(Stored data)

....

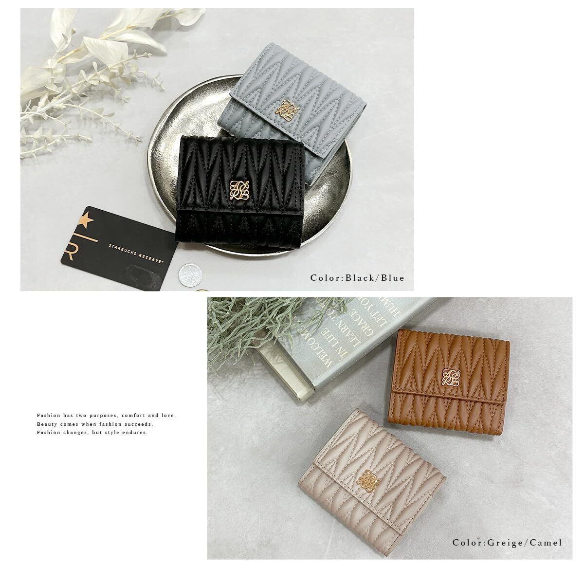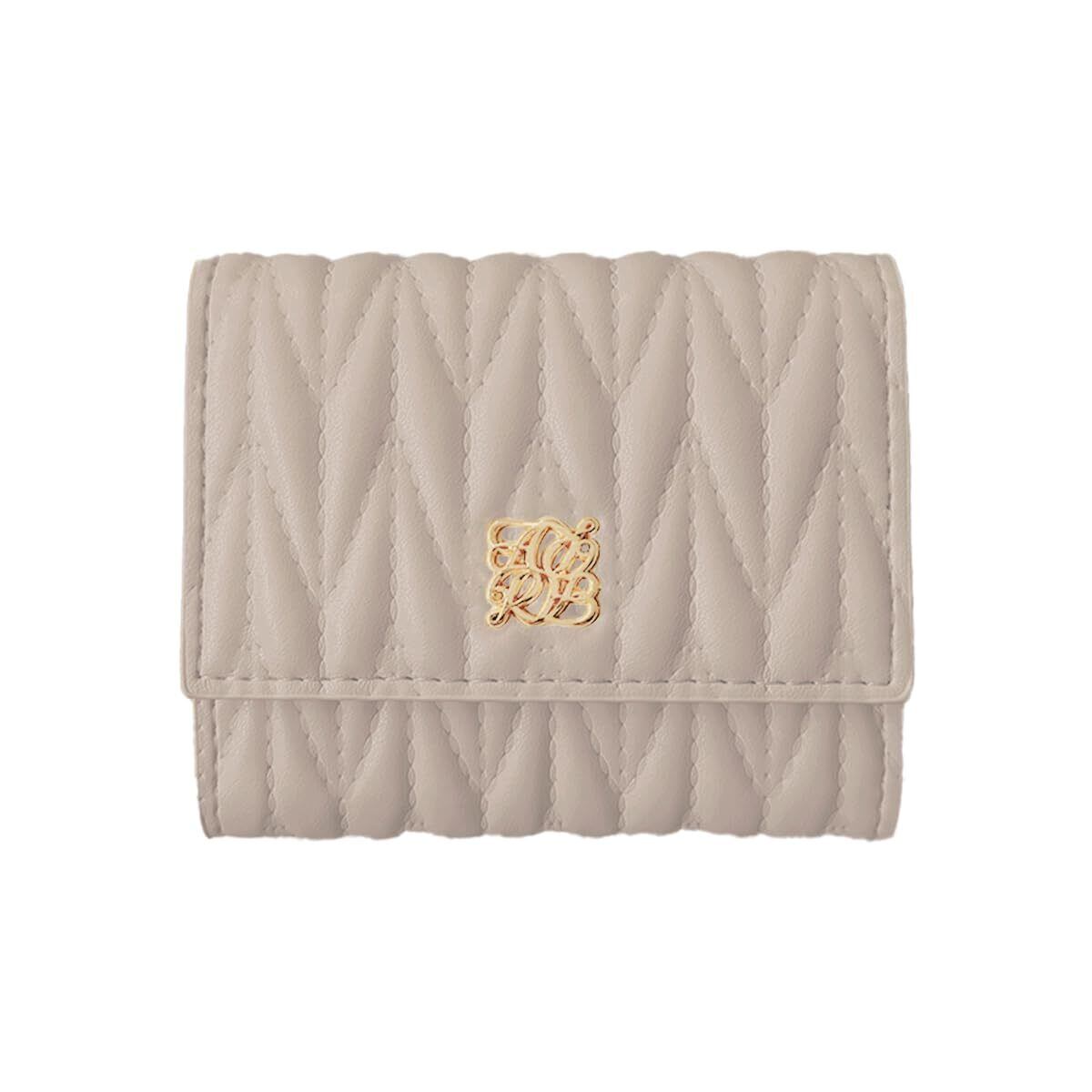 [ジゼル] 財布 三つ折り財布 ミニ財布 コンパクト 使いやすい L字型 BOX型 カードケース 小銭入れ 大容量 ロゴ入り レディース 折りたたみ ギフト プレゼント キルティング 小さい (グレージュ)
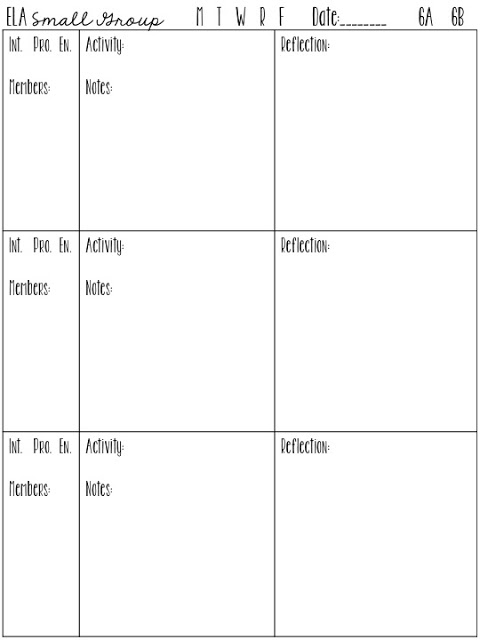 After we do our ELA Bell Ringer and our Collections lesson, I do my first round of groups. It took A LOT of trial-and-error, A LOT of re-organization, and A LOT of flexibility on my part, but after playing around with some stuff, this was the schedule I came up with. I have two 6th grade ELA classes.
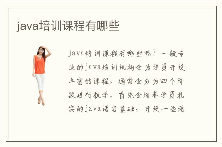 java培訓(xùn)課程有哪些呢?一般專業(yè)的java培訓(xùn)機(jī)構(gòu)會(huì)為學(xué)員開設(shè)豐富的課程,通常會(huì)分為四個(gè)階段進(jìn)行教學(xué)。首先會(huì)培養(yǎng)學(xué)員扎實(shí)的java語(yǔ)言基礎(chǔ),開設(shè)一些語(yǔ)法,算法的基礎(chǔ)課程,讓學(xué)員從基礎(chǔ)知識(shí)點(diǎn)抓起。其次,由淺入深,慢慢開始進(jìn)行簡(jiǎn)單的應(yīng)用程序編寫設(shè)計(jì),提高學(xué)員編寫代碼的速度和質(zhì)量。最后讓學(xué)生投入到企業(yè)項(xiàng)目的編程過(guò)程中,潛移默化中增長(zhǎng)學(xué)員的實(shí)踐經(jīng)驗(yàn)。
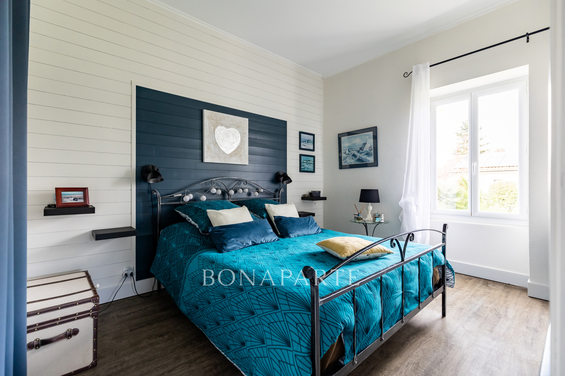 Au rez-de-chaussée, une chambre parentale intimiste de 10 m2 avec sa salle d'eau privative. À l'étage, deux chambres de 11 m2 partagent une salle de bain de 3,5 m2, soigneusement aménagée.
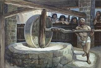Nerede Şimşon önce o yolsuz kadınla günaha düştü, nerede büyük yiğitlik yaptı – aynı yerde onu şimdi en fazla aşağılıyorlar – bir öküz gibi işletiriyorlar onu
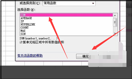 3、出现“插入函数”对话框。点击第一个函数“SUM” ,点击确定。
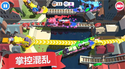 4、挑战难度逐渐升级:游戏中以关卡挑战为主,每一个关卡都有普通、困难、混乱三个等级,前面两个还好,稍微注意一点就能将困难的任务完成,但是后面的混乱难度确实非常大,同时出现的列车太多了,手忙脚乱根本无法正确控制每一辆车的变道,小编玩了很久还是没能顺利完成。游戏关卡难度分等级而设置,为不同的玩家提供了相应的难度挑战,不管是普通玩家还是真正的高手,都能在游戏中找到自己的乐趣。
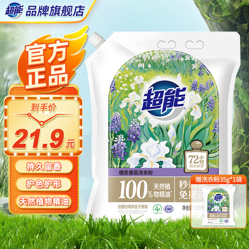 超能植愈香氛天然皂粉 法国白鸢木檀香 720h持久留香 护色护形家用 超能植愈香氛洗衣粉1.01kg
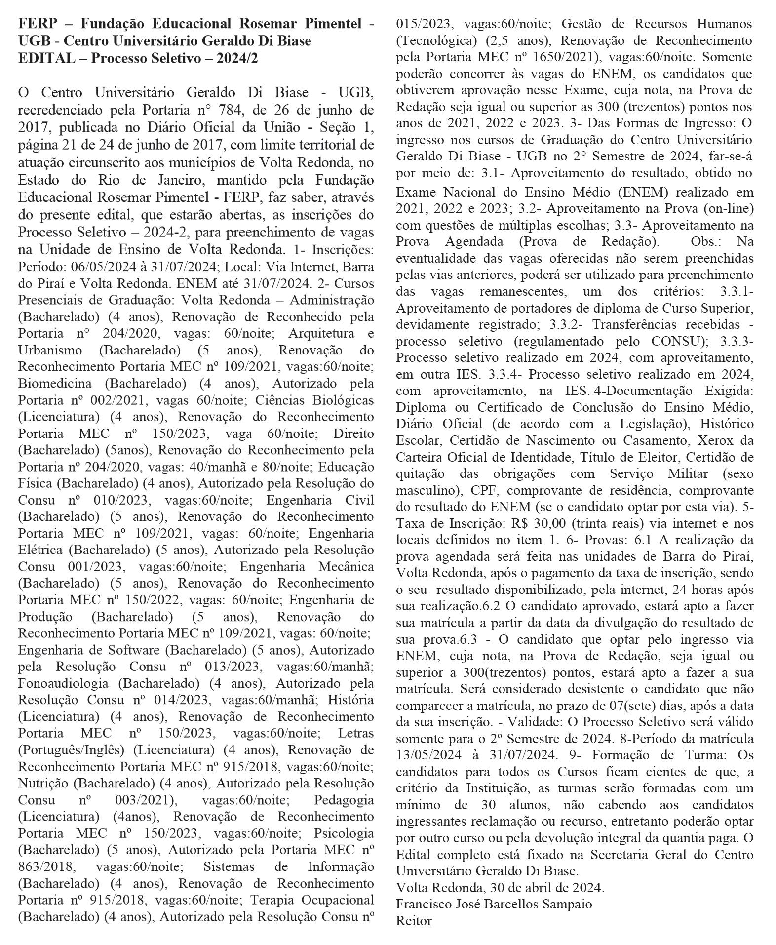 BRASIL S.A. torna público que entregou ao Instituto Estadual do Ambiente - INEA, em 08/04/2024, Relatório de Auditoria Ambiental do ano de 2023, para realizar a atividade de fabricação de tarugos de aço, fio máquina, barras, rolo, arames e perfis pequenos, com capacidade produtiva total de um milhão de toneladas por ano e informa que este estará à disposição para consulta na Avenida Francisco Fortes Filho, 242 - Jardim Aliança no Município de Resende, no período de 12/05/2024 a 12/06/2024 no horário das 7h às 17h. Informa, ainda, que o referido relatório também estará disponível para consulta no endereço eletrônico www.inea.rj.gov.br/biblioteca. (Processo E-07/506613/2009)
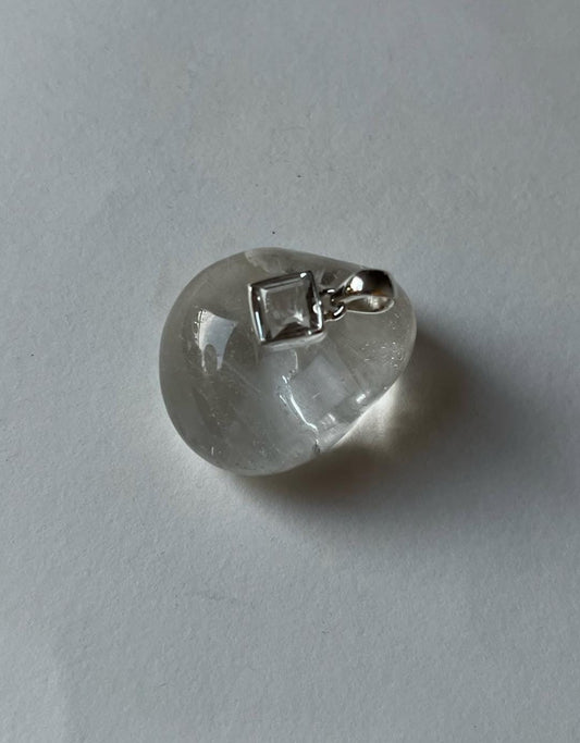 Clear Quartz Square Cut 925 Sterling Silver Unisex Pendant

....

> _PROBLEM TO SOLVE_: Although the records contain pictures, your copy should hold only the text, reproduced exactly.

> _TASK ANSWER_:
 [ジゼル] 財布 三つ折り財布 ミニ財布 コンパクト 使いやすい L字型 BOX型 カードケース 小銭入れ 大容量 ロゴ入り レディース 折りたたみ ギフト プレゼント キルティング 小さい (グレージュ)
 After we do our ELA Bell Ringer and our Collections lesson, I do my first round of groups. It took A LOT of trial-and-error, A LOT of re-organization, and A LOT of flexibility on my part, but after playing around with some stuff, this was the schedule I came up with. I have two 6th grade ELA classes.
 java培訓(xùn)課程有哪些呢?一般專業(yè)的java培訓(xùn)機(jī)構(gòu)會(huì)為學(xué)員開設(shè)豐富的課程,通常會(huì)分為四個(gè)階段進(jìn)行教學(xué)。首先會(huì)培養(yǎng)學(xué)員扎實(shí)的java語(yǔ)言基礎(chǔ),開設(shè)一些語(yǔ)法,算法的基礎(chǔ)課程,讓學(xué)員從基礎(chǔ)知識(shí)點(diǎn)抓起。其次,由淺入深,慢慢開始進(jìn)行簡(jiǎn)單的應(yīng)用程序編寫設(shè)計(jì),提高學(xué)員編寫代碼的速度和質(zhì)量。最后讓學(xué)生投入到企業(yè)項(xiàng)目的編程過(guò)程中,潛移默化中增長(zhǎng)學(xué)員的實(shí)踐經(jīng)驗(yàn)。
 Au rez-de-chaussée, une chambre parentale intimiste de 10 m2 avec sa salle d'eau privative. À l'étage, deux chambres de 11 m2 partagent une salle de bain de 3,5 m2, soigneusement aménagée.
Nerede Şimşon önce o yolsuz kadınla günaha düştü, nerede büyük yiğitlik yaptı – aynı yerde onu şimdi en fazla aşağılıyorlar – bir öküz gibi işletiriyorlar onu
 3、出现“插入函数”对话框。点击第一个函数“SUM” ,点击确定。
 4、挑战难度逐渐升级:游戏中以关卡挑战为主,每一个关卡都有普通、困难、混乱三个等级,前面两个还好,稍微注意一点就能将困难的任务完成,但是后面的混乱难度确实非常大,同时出现的列车太多了,手忙脚乱根本无法正确控制每一辆车的变道,小编玩了很久还是没能顺利完成。游戏关卡难度分等级而设置,为不同的玩家提供了相应的难度挑战,不管是普通玩家还是真正的高手,都能在游戏中找到自己的乐趣。
 超能植愈香氛天然皂粉 法国白鸢木檀香 720h持久留香 护色护形家用 超能植愈香氛洗衣粉1.01kg
 BRASIL S.A. torna público que entregou ao Instituto Estadual do Ambiente - INEA, em 08/04/2024, Relatório de Auditoria Ambiental do ano de 2023, para realizar a atividade de fabricação de tarugos de aço, fio máquina, barras, rolo, arames e perfis pequenos, com capacidade produtiva total de um milhão de toneladas por ano e informa que este estará à disposição para consulta na Avenida Francisco Fortes Filho, 242 - Jardim Aliança no Município de Resende, no período de 12/05/2024 a 12/06/2024 no horário das 7h às 17h. Informa, ainda, que o referido relatório também estará disponível para consulta no endereço eletrônico www.inea.rj.gov.br/biblioteca. (Processo E-07/506613/2009)
 Clear Quartz Square Cut 925 Sterling Silver Unisex Pendant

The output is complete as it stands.